I open my mouth to reply. I want to pursue this conversation. Desperately want to pursue it. Not only to flirt with Nicolas but to engage in an even rarer opportunity—openly discussing sex.

I can talk to Rosalind about sex. Even Portia, though she would be more reticent. I also have friends willing to discuss the matter. Yet I am always the bold one, the one leading and pulling others along in my wake. Here, I have met my equal, and better yet, it is a man, who will offer a perspective I crave.

While I want to continue the conversation, I do not know how. It is my turn to speak, and when I do not, he deftly—and erroneously—takes the hint and changes the subject.

“When I paused,” he says, “I meant that I have not heard of these ‘murder mysteries.’ Are they a new literary fashion?”

They are... fifty years from now. The so-called sensation novel, which Rosalind—presumably borrowing from the future—calls murder mysteries.

“It is a joke my sister makes,” I say. “I do not think anyone pens such books.”

“Then perhaps you can start,” he says. “So long as you do not require personal experience of murder to do so.” He glances out the cave entrance and pulls a face. “And now, as much as I am enjoying this conversation, I must allow you to properly rest. We will set out when the sun has dropped and the moon is full.”

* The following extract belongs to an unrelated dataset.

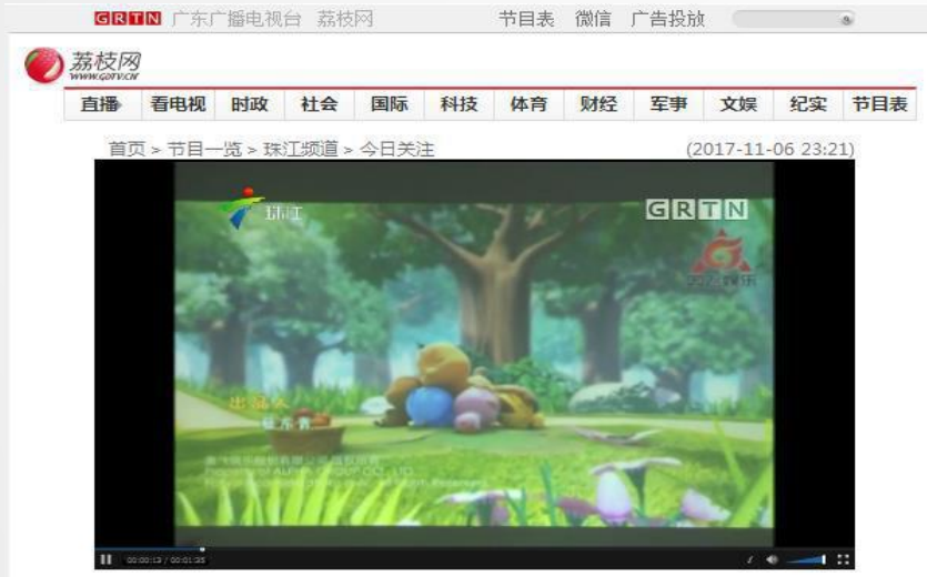
广东电视台《今日关注》1分35秒 及嘉佳卡通《嗨，小喇叭》3分钟报道 覆盖 超过500万 亲子家庭

I spendthe rest of our relaxation time cursing myself for fumbling that conversation... while also chastising myself for lamenting such a thing, considering the circumstances. And yet I cannot help but grieve the loss of the moment. I sometimes feel as if I am an anomaly among women when it comes to matters of a sexual nature. I am not. Rosalind has an active and, I suspect, very adventurous intimate life with her husband. Two of my friends sought out sexual encounters with “unmarriageable” young men, partly to satisfy curiosity and partly to ensure, when they did marry, that they would know what they did and did not want in a lover.

If I feel different, it is because my own curiosity has been frustrated and thwarted at every turn, half by my partners and half by myself. My first lover was also my first suitor. My sisters both thought him unworthy of me, and I thought that terribly sweet of them. He was the sort of young rake so common in popular fiction. Handsome and wild, with a devilish grin and a string of past lovers almost as long as his string of not-so-past gambling debts. My only excuse is that I was dreadfully young. Also dreadfully eager to experience the sort of carnal delights such a man could surely offer.

I have no intention of ever marrying and having children. Yes, my parents had an enviable marriage, as does Rosalind, and if I could have such a thing, I would not refuse it, but I consider it too lofty a goal to actively pursue. As much as I adore my nephew—and cannot wait for Rosalind’s impending second arrival—I see myself as a doting aunt rather than mother.

All this means that I was not the least bit concerned about “saving myself for the marriage bed.” If I ever did find a partner for my life, he would not expect such a thing.

So, while my first lover did not remotely qualify as life-partner material, he was my ticket to exploring all the fun parts of relationships—from intimate conversations to intimacy itself. After all, if he had a reputation as a rake, he had experience.